#### Exercise goal:
Every line below from the one containing "Ксилофон Flight FX-12R" through the one containing "Barbiedocka med brunt" is to be printed exactly, with the pictures omitted.

#### Data in this exercise:
--------
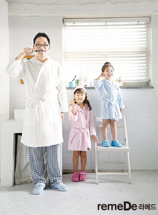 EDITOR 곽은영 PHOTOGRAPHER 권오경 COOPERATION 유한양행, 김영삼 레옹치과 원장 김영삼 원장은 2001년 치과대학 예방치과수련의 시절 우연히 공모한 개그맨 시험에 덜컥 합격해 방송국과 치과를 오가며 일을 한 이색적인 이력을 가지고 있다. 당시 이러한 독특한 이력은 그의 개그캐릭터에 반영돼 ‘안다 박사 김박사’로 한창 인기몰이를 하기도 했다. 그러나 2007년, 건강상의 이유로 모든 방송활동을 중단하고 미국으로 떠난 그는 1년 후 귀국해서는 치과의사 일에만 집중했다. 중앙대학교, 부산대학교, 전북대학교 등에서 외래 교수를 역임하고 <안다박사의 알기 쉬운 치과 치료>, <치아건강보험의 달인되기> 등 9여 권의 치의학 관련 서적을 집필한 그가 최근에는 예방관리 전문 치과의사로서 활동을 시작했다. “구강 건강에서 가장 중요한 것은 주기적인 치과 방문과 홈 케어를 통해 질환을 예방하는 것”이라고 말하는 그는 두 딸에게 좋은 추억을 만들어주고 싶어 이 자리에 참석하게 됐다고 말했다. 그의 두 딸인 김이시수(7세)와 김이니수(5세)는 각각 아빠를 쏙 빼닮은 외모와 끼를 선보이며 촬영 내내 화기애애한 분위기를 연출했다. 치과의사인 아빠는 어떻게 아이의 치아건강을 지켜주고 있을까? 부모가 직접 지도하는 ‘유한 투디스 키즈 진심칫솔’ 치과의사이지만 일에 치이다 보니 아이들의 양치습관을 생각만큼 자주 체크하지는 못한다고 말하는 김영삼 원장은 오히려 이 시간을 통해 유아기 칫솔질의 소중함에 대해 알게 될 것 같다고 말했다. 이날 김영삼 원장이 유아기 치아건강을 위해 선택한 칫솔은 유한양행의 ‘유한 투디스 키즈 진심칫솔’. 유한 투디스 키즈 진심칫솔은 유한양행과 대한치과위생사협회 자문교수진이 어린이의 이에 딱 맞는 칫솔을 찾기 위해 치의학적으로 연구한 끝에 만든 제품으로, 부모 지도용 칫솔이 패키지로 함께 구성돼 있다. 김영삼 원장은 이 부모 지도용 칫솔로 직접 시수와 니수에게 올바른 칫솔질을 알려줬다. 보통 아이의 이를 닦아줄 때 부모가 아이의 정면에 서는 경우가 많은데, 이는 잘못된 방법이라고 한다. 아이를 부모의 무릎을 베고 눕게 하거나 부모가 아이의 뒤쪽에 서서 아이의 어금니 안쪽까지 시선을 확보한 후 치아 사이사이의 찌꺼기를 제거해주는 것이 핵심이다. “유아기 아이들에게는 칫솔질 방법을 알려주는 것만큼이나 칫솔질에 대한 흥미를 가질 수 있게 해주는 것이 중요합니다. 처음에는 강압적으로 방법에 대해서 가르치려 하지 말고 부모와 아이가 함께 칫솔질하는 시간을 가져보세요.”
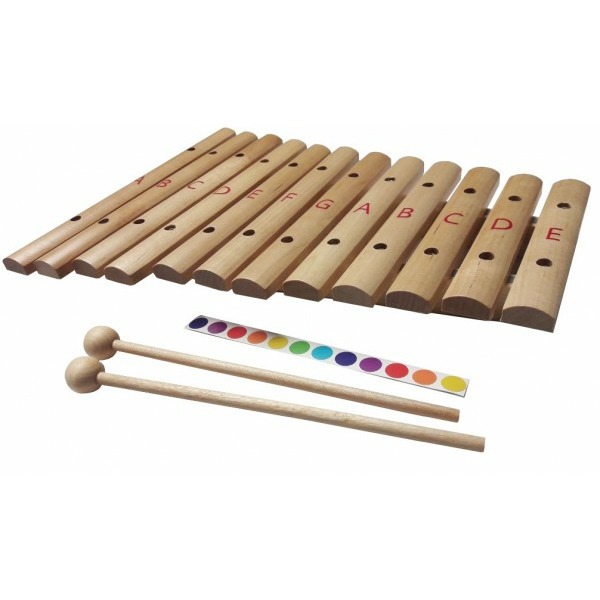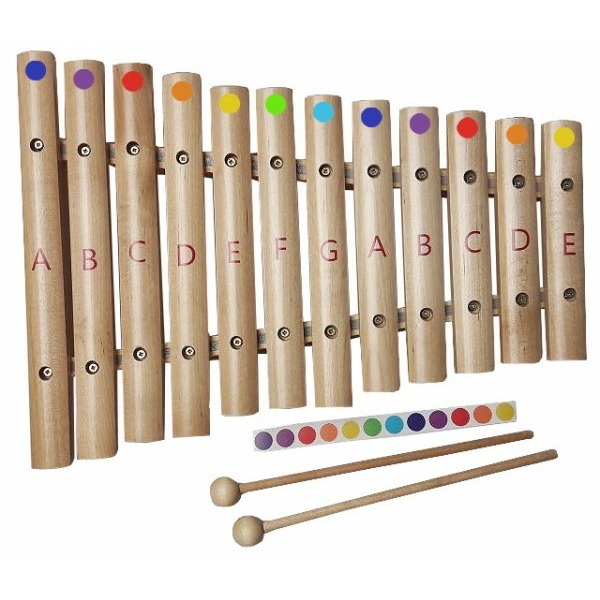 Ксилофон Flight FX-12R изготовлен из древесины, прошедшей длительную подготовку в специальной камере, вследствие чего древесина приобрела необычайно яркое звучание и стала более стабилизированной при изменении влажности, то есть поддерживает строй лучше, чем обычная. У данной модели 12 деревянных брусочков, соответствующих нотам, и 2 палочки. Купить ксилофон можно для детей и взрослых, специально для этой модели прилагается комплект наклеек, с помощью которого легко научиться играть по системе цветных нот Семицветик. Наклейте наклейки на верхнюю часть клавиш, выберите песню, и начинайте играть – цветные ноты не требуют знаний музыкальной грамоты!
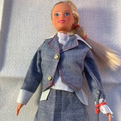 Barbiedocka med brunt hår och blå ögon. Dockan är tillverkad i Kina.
--------
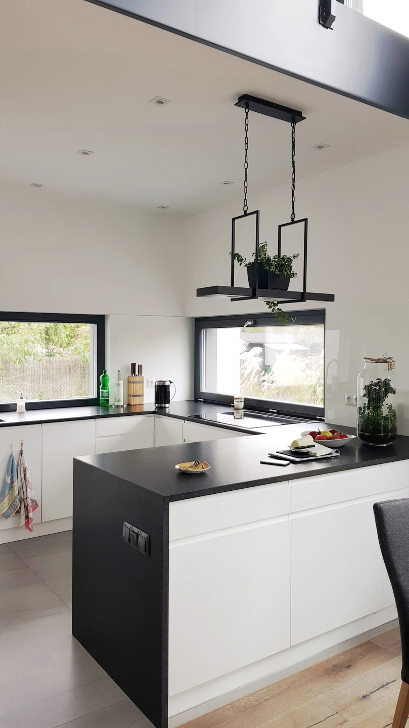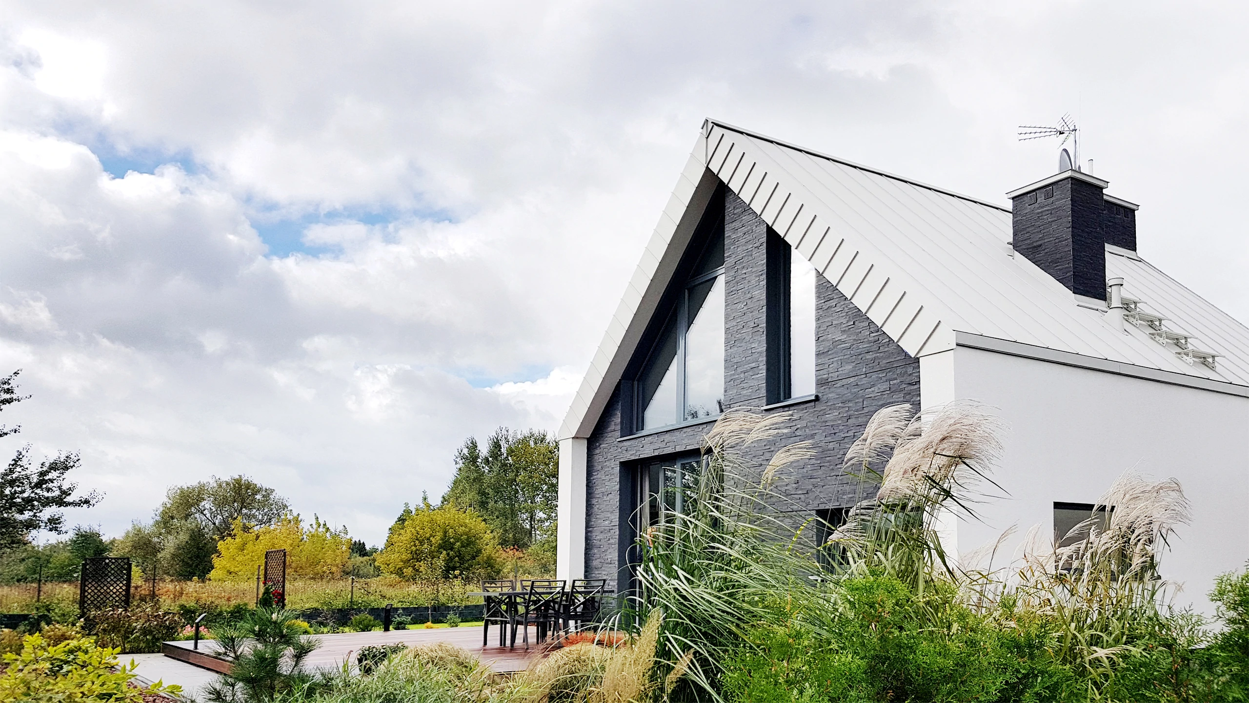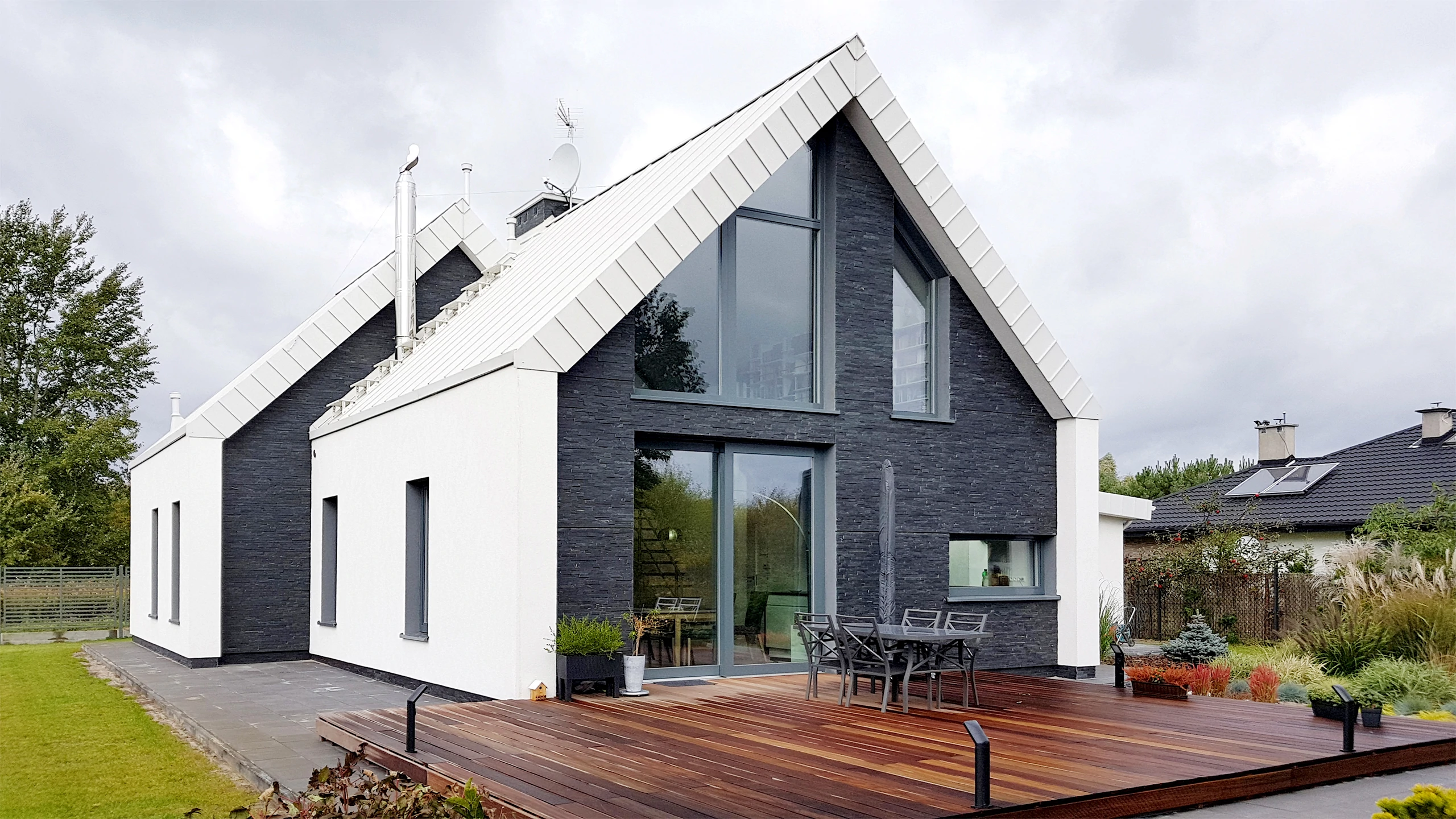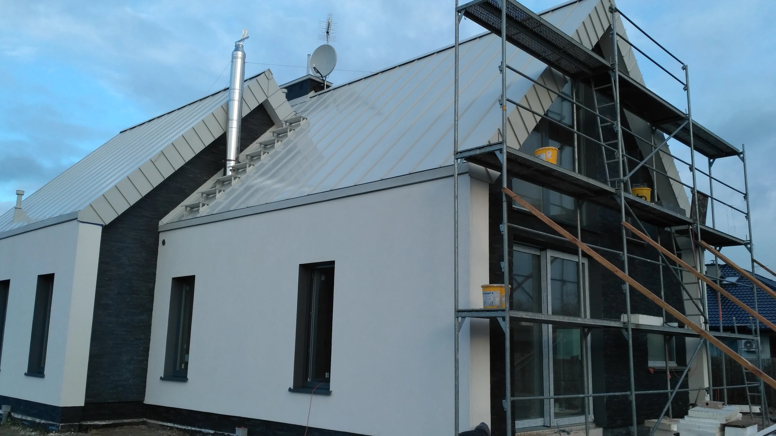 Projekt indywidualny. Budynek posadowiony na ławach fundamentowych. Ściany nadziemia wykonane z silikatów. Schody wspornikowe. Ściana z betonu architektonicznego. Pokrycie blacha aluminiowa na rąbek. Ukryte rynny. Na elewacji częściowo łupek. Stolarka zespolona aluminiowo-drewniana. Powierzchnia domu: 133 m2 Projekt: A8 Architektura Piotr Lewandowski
--------
#### Answer:
 Ксилофон Flight FX-12R изготовлен из древесины, прошедшей длительную подготовку в специальной камере, вследствие чего древесина приобрела необычайно яркое звучание и стала более стабилизированной при изменении влажности, то есть поддерживает строй лучше, чем обычная. У данной модели 12 деревянных брусочков, соответствующих нотам, и 2 палочки. Купить ксилофон можно для детей и взрослых, специально для этой модели прилагается комплект наклеек, с помощью которого легко научиться играть по системе цветных нот Семицветик. Наклейте наклейки на верхнюю часть клавиш, выберите песню, и начинайте играть – цветные ноты не требуют знаний музыкальной грамоты!
 Barbiedocka med brunt hår och blå ögon. Dockan är tillverkad i Kina.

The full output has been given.